Action item - Both the line containing "Cassapanca in noce" and the line containing "2、中天精装(002989)" belong to the span. Output exactly that span from the listing below, and nothing outside it.

Data extract -
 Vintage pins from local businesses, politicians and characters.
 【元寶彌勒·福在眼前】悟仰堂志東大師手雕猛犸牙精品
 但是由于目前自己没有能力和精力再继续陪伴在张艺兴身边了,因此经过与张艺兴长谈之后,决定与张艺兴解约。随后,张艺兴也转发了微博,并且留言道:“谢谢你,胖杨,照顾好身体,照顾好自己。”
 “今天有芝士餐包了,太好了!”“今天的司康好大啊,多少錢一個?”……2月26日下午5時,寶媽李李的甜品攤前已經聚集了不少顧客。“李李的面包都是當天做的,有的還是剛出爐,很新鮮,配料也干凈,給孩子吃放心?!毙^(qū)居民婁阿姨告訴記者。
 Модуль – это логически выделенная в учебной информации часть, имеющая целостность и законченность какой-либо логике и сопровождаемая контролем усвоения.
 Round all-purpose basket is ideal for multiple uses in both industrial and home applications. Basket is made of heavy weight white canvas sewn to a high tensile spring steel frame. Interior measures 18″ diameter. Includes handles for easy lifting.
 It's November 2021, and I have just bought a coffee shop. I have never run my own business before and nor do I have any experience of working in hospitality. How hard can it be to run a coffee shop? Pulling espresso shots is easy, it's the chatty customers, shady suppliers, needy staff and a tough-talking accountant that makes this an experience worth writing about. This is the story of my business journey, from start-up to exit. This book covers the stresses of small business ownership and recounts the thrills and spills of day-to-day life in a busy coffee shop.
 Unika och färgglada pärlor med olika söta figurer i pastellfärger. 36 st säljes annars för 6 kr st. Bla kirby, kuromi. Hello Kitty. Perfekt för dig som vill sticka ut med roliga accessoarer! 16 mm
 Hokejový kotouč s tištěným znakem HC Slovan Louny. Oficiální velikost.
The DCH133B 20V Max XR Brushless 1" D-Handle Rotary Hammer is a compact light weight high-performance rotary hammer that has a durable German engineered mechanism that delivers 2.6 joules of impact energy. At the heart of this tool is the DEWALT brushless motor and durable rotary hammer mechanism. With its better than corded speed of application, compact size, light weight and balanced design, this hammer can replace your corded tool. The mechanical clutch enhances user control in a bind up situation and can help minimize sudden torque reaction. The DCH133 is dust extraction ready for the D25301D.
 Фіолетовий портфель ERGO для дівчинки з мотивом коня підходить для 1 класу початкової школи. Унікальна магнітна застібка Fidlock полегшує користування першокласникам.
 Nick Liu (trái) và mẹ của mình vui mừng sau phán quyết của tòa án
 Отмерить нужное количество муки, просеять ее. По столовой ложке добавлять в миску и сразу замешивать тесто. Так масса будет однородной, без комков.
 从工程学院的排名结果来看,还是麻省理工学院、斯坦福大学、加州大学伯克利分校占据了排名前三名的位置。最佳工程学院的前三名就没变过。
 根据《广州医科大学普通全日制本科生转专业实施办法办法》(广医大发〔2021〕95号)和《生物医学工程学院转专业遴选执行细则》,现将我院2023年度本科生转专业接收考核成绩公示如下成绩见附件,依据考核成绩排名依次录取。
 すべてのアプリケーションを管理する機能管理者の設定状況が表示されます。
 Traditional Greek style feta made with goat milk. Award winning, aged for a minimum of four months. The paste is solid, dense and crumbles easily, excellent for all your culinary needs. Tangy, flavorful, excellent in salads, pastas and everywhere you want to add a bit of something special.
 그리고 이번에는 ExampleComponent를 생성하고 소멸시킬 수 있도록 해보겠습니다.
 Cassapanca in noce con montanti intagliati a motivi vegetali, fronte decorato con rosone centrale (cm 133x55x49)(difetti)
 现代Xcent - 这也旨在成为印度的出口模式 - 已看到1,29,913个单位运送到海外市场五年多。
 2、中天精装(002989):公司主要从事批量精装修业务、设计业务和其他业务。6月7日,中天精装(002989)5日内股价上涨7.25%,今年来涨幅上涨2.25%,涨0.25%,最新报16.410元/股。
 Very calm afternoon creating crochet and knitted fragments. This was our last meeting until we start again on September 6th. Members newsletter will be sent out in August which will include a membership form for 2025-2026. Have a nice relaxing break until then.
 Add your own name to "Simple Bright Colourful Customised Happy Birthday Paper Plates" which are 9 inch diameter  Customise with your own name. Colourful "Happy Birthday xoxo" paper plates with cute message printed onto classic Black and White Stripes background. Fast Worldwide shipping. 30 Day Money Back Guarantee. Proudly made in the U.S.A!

Answer -
 Cassapanca in noce con montanti intagliati a motivi vegetali, fronte decorato con rosone centrale (cm 133x55x49)(difetti)
 现代Xcent - 这也旨在成为印度的出口模式 - 已看到1,29,913个单位运送到海外市场五年多。
 2、中天精装(002989):公司主要从事批量精装修业务、设计业务和其他业务。6月7日,中天精装(002989)5日内股价上涨7.25%,今年来涨幅上涨2.25%,涨0.25%,最新报16.410元/股。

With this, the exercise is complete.